Description of the task: Apart from the pictures, everything in the lines below must be printed exactly.

Data segment Start Marker

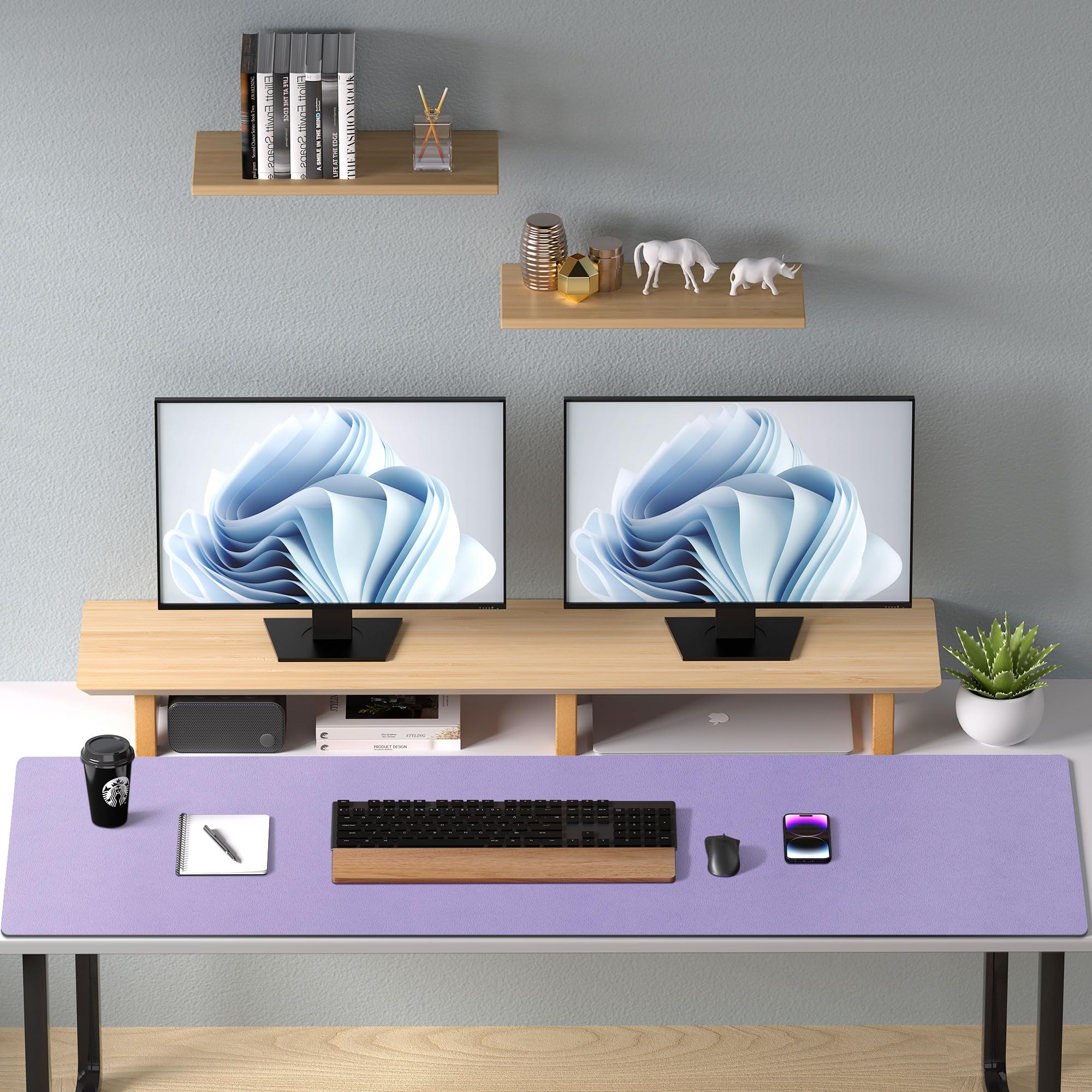 Aothia Schreibtischunterlage,Mauspad mit Leder und Rutchfeste Wildleder,Multifunktionales Office Mousepad Laptop Schreibunterlage,Tisch-Schutz Unterlage für Büro/Home(91x43cm,Lavendel)
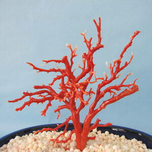 商品説明珊瑚の種類高知沖産血赤珊瑚 サイズ大きさ:約W16×H11センチ 根元付近の直径:約10ミリ 重さ:8.5匁 (約31グラム) *ミッド珊瑚チップ:200匁(約750g) *鉢(陶器)の大きさ:直径約12cm、高さ7cm特徴土...
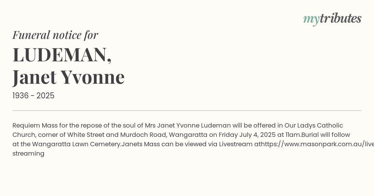 17°CRequiem Mass for the repose of the soul of Mrs Janet Yvonne Ludeman will be offered in Our Lady’s Catholic Church, corner of White Street and Murdoch Road, Wangaratta on Friday July 4, 2025 at 11am.

Data segment End Marker

Result of this task:
 Aothia Schreibtischunterlage,Mauspad mit Leder und Rutchfeste Wildleder,Multifunktionales Office Mousepad Laptop Schreibunterlage,Tisch-Schutz Unterlage für Büro/Home(91x43cm,Lavendel)
 商品説明珊瑚の種類高知沖産血赤珊瑚 サイズ大きさ:約W16×H11センチ 根元付近の直径:約10ミリ 重さ:8.5匁 (約31グラム) *ミッド珊瑚チップ:200匁(約750g) *鉢(陶器)の大きさ:直径約12cm、高さ7cm特徴土...
 17°CRequiem Mass for the repose of the soul of Mrs Janet Yvonne Ludeman will be offered in Our Lady’s Catholic Church, corner of White Street and Murdoch Road, Wangaratta on Friday July 4, 2025 at 11am.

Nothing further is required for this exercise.